You know, I'm pretty sure I would not open carry very often even if SC allowed it. As much as I'm willing to share on here with all of you kind, like minded people, gun ownership and my choice to carry has been a deeply private struggle for me.
I grew up in WI and became interested in guns during the late 80's and early 90's and spent most of my teens and early 20's trying to find someone to teach me about guns and hunting. This was a time when where I lived owning a handgun was looked upon with disapproval by the general population and women who had interest in guns were discouraged. Guns were a man's world and any woman who didn't have a male relative willing to teach her was out of luck.
I would occasionally find someone to go plinking with but other than that I was told either that I couldn't handle the big calibers deer require, or that their wife/girlfriend wouldn't like it if they took me hunting, not even if it was just a day trip. Or both. Mostly I got the impression that I was encroaching upon sacred male territory though. There was one guy who had handguns who was willing to teach me, but after watching the downright stupid shooting out behind the barn with his friends while they emptied several cases of beer I decided these weren't my kind of gun people.
Then the local gun store started advertising a membership discount to their gun club with purchase of a gun, new shooters very welcome, so I decided I'd buy a gun and a membership and learn how to shoot that way. I read some magazines and reviews, decided I wanted a 1911, and in May of 1996 I went to the gun store with the cash in my pocket to buy it. I was shown two "ladies purse revolvers" a .38 and a .22, and was told that was all that he had for me. I pointed at the 1911 and said I'd like to see that one, and he said that's not a ladies gun. I said I'd like to see it anyway and he said women aren't strong enough to handle a gun like that, walked away and went into the office until I left. I was so ticked off, discouraged and sick of the years of girls don't shoot guns that I gave up after that experience. F 'em, guns are dangerous and obviously attract too many idiots anyways. Right? My doberman would take good care of me and if she couldn't I'd throw my (now ex) husband at the bad guy and run like h-e-double hockey sticks.
It took moving to the south in 2002 and marrying my wonderful, supportive, gun owning and cwp carrying 2nd husband to start thinking that maybe gun people didn't all have giant egos and minuscule iq's, maybe I really was allowed to like guns. It took a few more years before I decided that it was okay for me to handle a handgun, and then a few more years before I decided that I was allowed to have my CWP too. Even though everywhere I went in the south I was met by (intelligent, kind, SAFE!!) gun people who welcomed me and encouraged me I had to convince myself that not only was it ok, not only was I really allowed, but that it was my legal right to own and carry a gun if I chose to. I really had taken all that rejection much deeper to heart than I realized, and I am far from a wilting flower who gives up easily.

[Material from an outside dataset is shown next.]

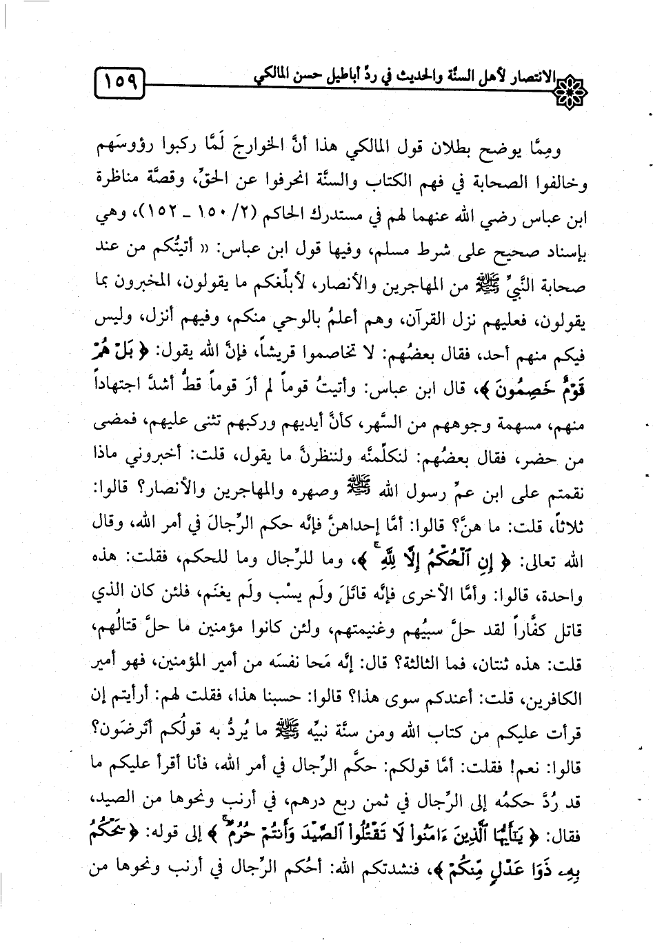 ومِمَّا يوضح بطلان قول المالكي هذا أنَّ الخوارجَ لَمَّا ركبوا رؤوسَهم وخالفوا الصحابة في فهم الكتاب والسنَّة انحرفوا عن الحقِّ، وقصَّة مناظرة ابن عباس رضي الله عنهما لهم في مستدرك الحاكم (2/150 ـ 152) ، وهي بإسناد صحيح على شرط مسلم، وفيها قول ابن عباس: "أتيتُكم من عند صحابة النَّبيِّ صلى الله عليه وسلم من المهاجرين والأنصار، لأبلِّغكم ما يقولون، المخبرون بما يقولون، فعليهم نزل القرآن، وهم أعلمُ بالوحي منكم، وفيهم أنزل، وليس فيكم منهم أحد، فقال بعضُهم: لا تخاصموا قريشاً، فإنَّ الله يقول: {بَلْ هُمْ قَوْمٌ خَصِمُونَ} ، قال ابن عباس: وأتيتُ قوماً لم أرَ قوماً قطُّ أشدَّ اجتهاداً منهم، مسهمة وجوههم من السَّهر، كأنَّ أيديهم وركبهم تثنى عليهم، فمضى من حضر، فقال بعضُهم: لنكلِّمنَّه ولننظرنَّ ما يقول، قلت: أخبروني ماذا نقمتم على ابن عمِّ رسول الله صلى الله عليه وسلم وصهره والمهاجرين والأنصار؟ قالوا: ثلاثاً، قلت: ما هنَّ؟ قالوا: أمَّا إحداهنَّ فإنَّه حكم الرِّجالَ في أمر الله، وقال الله تعالى: {إِنِ الْحُكْمُ إِلاَّ لِلَّهِ} ، وما للرِّجال وما للحكم، فقلت: هذه واحدة، قالوا: وأمَّا الأخرى فإنَّه قاتَلَ ولَم يسْب ولَم يغنَم، فلئن كان الذي قاتل كفَّاراً لقد حلَّ سبيُهم وغنيمتهم، ولئن كانوا مؤمنين ما حلَّ قتالُهم، قلت: هذه ثنتان، فما الثالثة؟ قال: إنَّه مَحا نفسَه من أمير المؤمنين، فهو أمير الكافرين، قلت: أعندكم سوى هذا؟ قالوا: حسبنا هذا، فقلت لهم: أرأيتم إن قرأت عليكم من كتاب الله ومن سنَّة نبيِّه صلى الله عليه وسلم ما يُردُّ به قولُكم أتَرضَون؟ قالوا: نعم! فقلت: أمَّا قولكم: حكَّم الرِّجال في أمر الله، فأنا أقرأ عليكم ما قد رُدَّ حكمُه إلى الرِّجال في ثمن ربع درهم، في أرنب ونحوها من الصيد، فقال: {يَا أَيُّهَا الَّذِينَ آمَنُوا لا تَقْتُلُوا الصَّيْدَ وَأَنْتُمْ حُرُمٌ} إلى قوله: {يَحْكُمُ بِهِ ذَوَا عَدْلٍ مِنْكُمْ} ، فنشدتكم الله: أحُكم الرِّجال في أرنب ونحوها من

How does that all tie in? Well, I fully and completely support people who choose to open carry and will vote to support open carry, but it's not something I'm interested in doing. I don't necessarily believe that people who choose to OC are trying to attract attention, but they do get more attention than someone CC'ing and I don't want that. Some have said that because I had such a difficult time that I should get out there and OC to try and help change the way society views gun ownership and encourage those that are like I was, and that my friendly, open personality would make me a natural at it, but right now I'm not up for being a public advocate. I simply don't want to risk opening myself up for that kind of damage again. When someone else brings up the topic of weapons and ccw I'm more than willing to expound upon my views and opinions most of the time, but that doesn't mean that I tell them that I have weapons or a cwp. I don't want to have to explain my motivations or defend my decisions any more unless I decide to put myself out there for it and these days I'm disinclined to open myself up for that kind of interaction. I want to buy my groceries, haul my kids, eat my dinner, walk my dogs, go to the gym, and sit in my yard knowing that I have the skills and tools at hand to keep myself and my loved ones safe without feeling obligated to be an ambassador too. And I would not make a good one. Somehow I don't think a narrow-eyed look and a wary, defensive, don't even think about jumping my case attitude when asked why I'm open carrying would give them the warm fuzzy feelings we want them to have about armed citizens.
I'm all for freedom of choice and fully respect and support your interest in open carry, but I do hope that if you can't understand it, you'll at least respect my right to chose not to.
Thanks for the interesting discussion!